Gomez Trial Attorneys: Recovering Damages for Your Brain Injury
If you or your loved one suffered a brain injury in Santa Clarita due to an accident that was caused by someone else’s carelessness, recklessness, or an intentional act, you can seek to recover damages through a Santa Clarity brain injury lawsuit. Filed in civil court, generally within two years of the date of the injury, a Santa Clarita brain injury lawsuit must show that another person is liable for the accident or action that resulted in your injury, and must also prove the expenses and life impacts for which you wish to be compensated.
Some of the damages you can recover through this legal process include:
- Medical expenses, including emergency treatment at the scene of the accident or in the emergency department, transportation to the hospital by ambulance or air, diagnostic testing, physician and surgical services, prescription medication, hospitalization, physical therapy, and rehabilitation.
- Lost wages due to missing work because of your injury or to attend injury-related appointments.
- Loss of future earning capacity if your injury results in a disability that renders you unable to work.

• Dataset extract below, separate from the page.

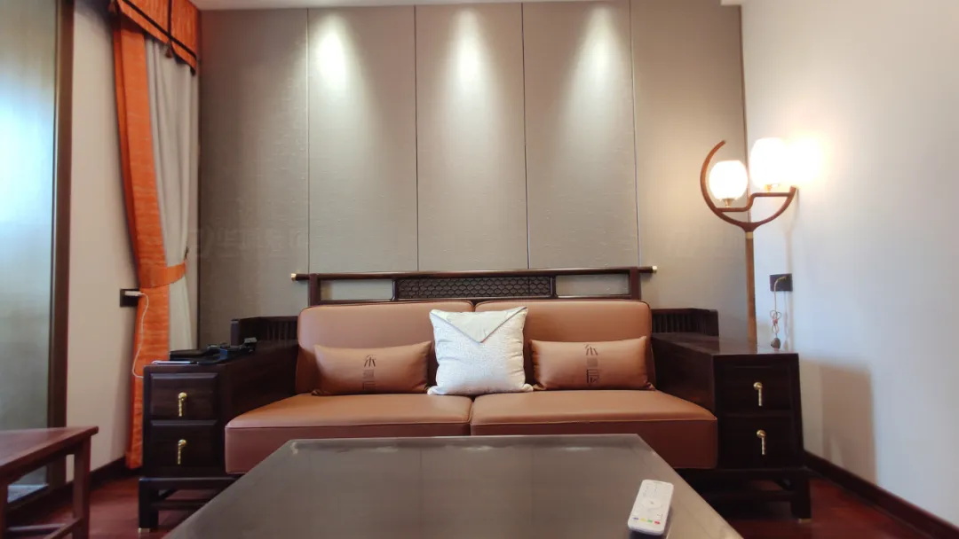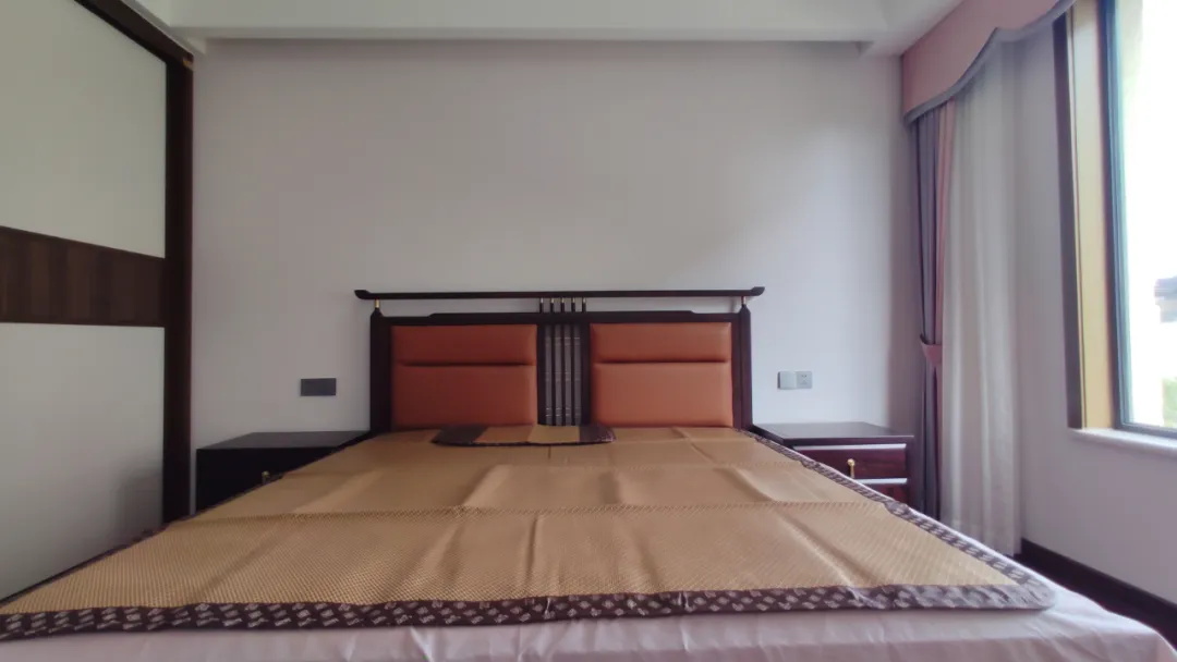 老人房以干凈溫馨為主,設(shè)計(jì)師用新中式特有的胡桃木色搭配皇帝色,來(lái)提亮整個(gè)空間。設(shè)計(jì)師小心思:窗簾選用棉緞質(zhì)感,它的垂度和密度相對(duì)較高,不會(huì)透光,這樣就解決了老人睡眠淺的問(wèn)題。

- Property damage for any personal belongings that were damaged in the accident. For example, if your brain injury is the result of a car accident, you can seek to recover the cost of repairing or replacing your car.
- Physical pain and suffering.
- Emotional distress.
- Loss of the enjoyment of life, if your injury prevents you from doing things that you formerly enjoyed doing.
- Loss of consortium, which is a damage claim filed on behalf of the injured person’s spouse, relating to the loss of physical intimacy and companionship due to the victim’s injury.